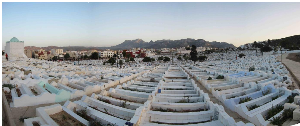
Figura 4: Cementerio de Tetuán, explanada de Lalla Rkya.
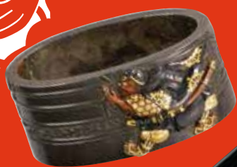
<道成寺物語図罎罎頭 銘 大森英秀(花押)>より縁 大森英秀 江戸時代 佐野美術館蔵
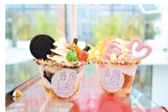
Jessy's coffee shop ジェシーズ コーヒー ショップ
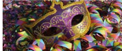
Ook senioren vierden carnaval p.3

» What you need to do:
Set down the whole listing word for word, omitting the pictures.

» Answer box:
Figura 4: Cementerio de Tetuán, explanada de Lalla Rkya.
<道成寺物語図罎罎頭 銘 大森英秀(花押)>より縁 大森英秀 江戸時代 佐野美術館蔵
Jessy's coffee shop ジェシーズ コーヒー ショップ
Ook senioren vierden carnaval p.3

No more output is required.